I realize that not everybody shares my particular brain damage, but that doesn’t mean I can’t share mine with everyone else.
“Architecture, said Hegel, is frozen music… Donald Swann’s music has often been compared with defrosted architecture.” – Michael Flanders of Flanders & Swann.
Some relatives of mine up in Richmond Hill have, like many of us here in this wondrous modern civilization, a bathroom. Unlike most of us this particular bathroom is a cavern of stark terror, a carnival of non-euclidean horrors and crushing existential doubt. I don’t know what brought some previous owner to design it like that, but I can certainly see why they would look at it later and say to themselves, yeah, we probably shouldn’t do that again.
I refer to it as the Bathroom To Infinity, and this is a warning. If you walk into a room like this unprepared it’s the mental equivalent of jogging into a pole on a curb; some part of your esprit goes klonk and you hear a hollow ringing sound as you clutch your head in agony and stumble blindly into traffic.
All the fixtures are a glossy ceramic black. The floor is black marble with a hint of veined crystal in it.
Every other surface is a mirror. The walls, the roof, the back of the door, all of it. The light switches, the trim, everything. And not all at right angles. So you sit down on the can, look left, look right, and an infinite number of you is there with you, stretched out in every direction and staring back at you. Sitting on the can, pants down and looking kind of shocked.

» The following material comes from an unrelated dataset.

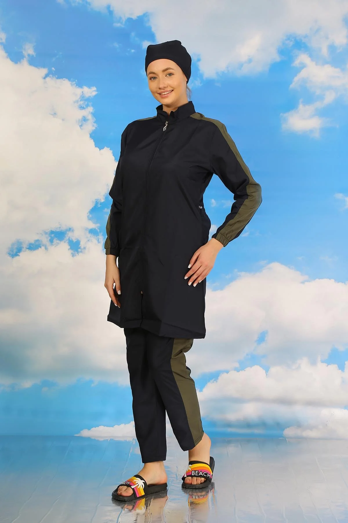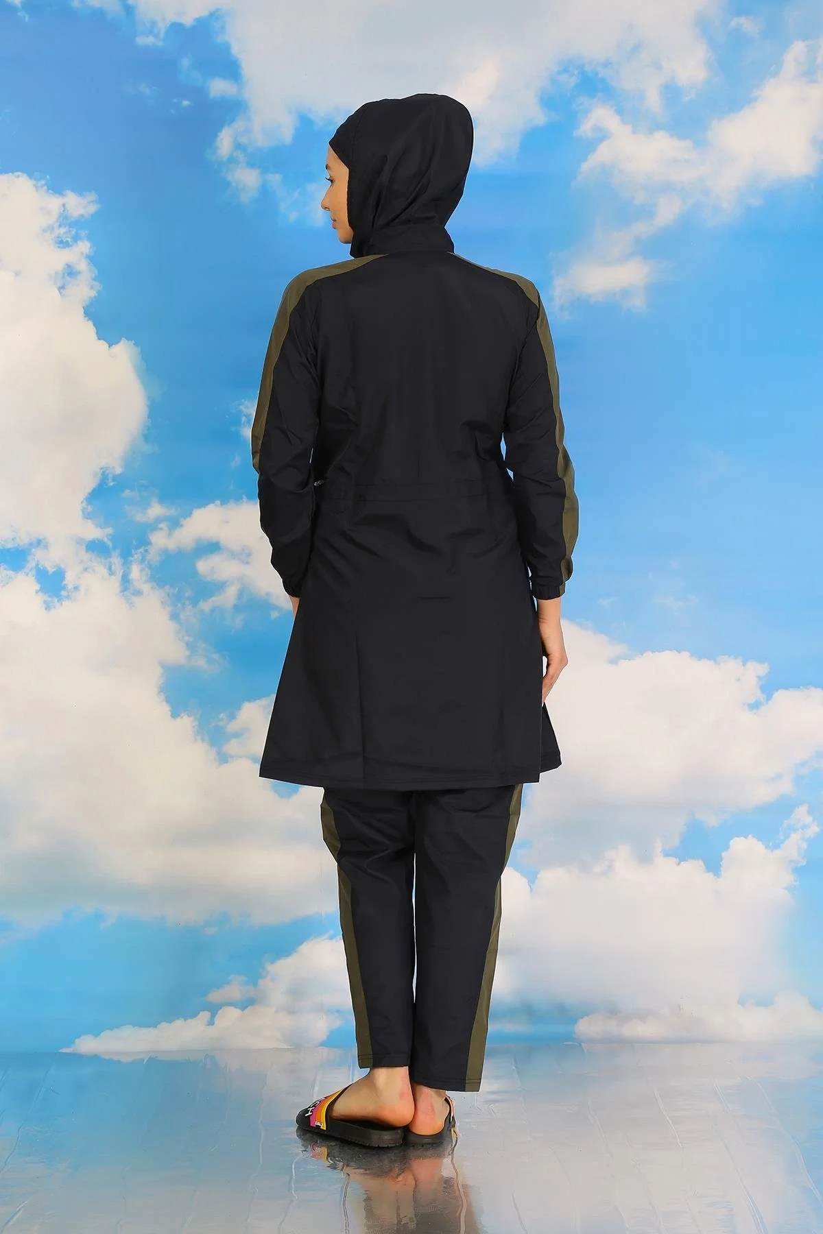 - Tam tesettür mayo tasarımıyla vücudu tamamen kaplar.

“What, if some day or night a demon were to steal after you into your loneliest loneliness and say to you: “This life as you now live it and have lived it, you will have to live once more and innumerable times more; and there will be nothing new in it, but every pain and every joy and every thought and sigh and everything unutterably small or great in your life will have to return to you, all in the same succession and sequence – even this spider and this moonlight between the trees, and even this moment and I myself. The eternal hourglass of existence is turned upside down again and again, and you with it, speck of dust!”
“Would you not throw yourself down and gnash your teeth and curse the demon who spoke thus? Or how well disposed would you have to become to yourself and to life to crave nothing more fervently than this ultimate eternal confirmation and seal?”
- Friedrich Nietzsche, “The Gay Science”
It really depends on when he gets here, Friedrich! If this moment will repeat itself innumerable times more, then maybe your demon could wait outside with his crushing existential crisis for five damn minutes instead splashing the eternal recurrence of my trip to the washroom on every flat surface available? Can my long dark night of the soul wait ’til I’ve zipped up? That’d be great! But no, you’ve just got to deal. It feels like you’re giving in somehow to just close your eyes, but what else can you do? It’s a bathroom, for crying out loud! Since when does confronting a bathroom threaten the core of your psyche? That’s barely even a sentence!
The last time I was in there it occurred to me to prick my index finger and write “DO NOT FORGET TO WASH YOUR HANDS OF THE MATTER” over the sink as a message for the next wayward victim. Which would be an aesthetically coherent way to address the situation, I think! But which also might be sign I should just use the washroom downstairs instead.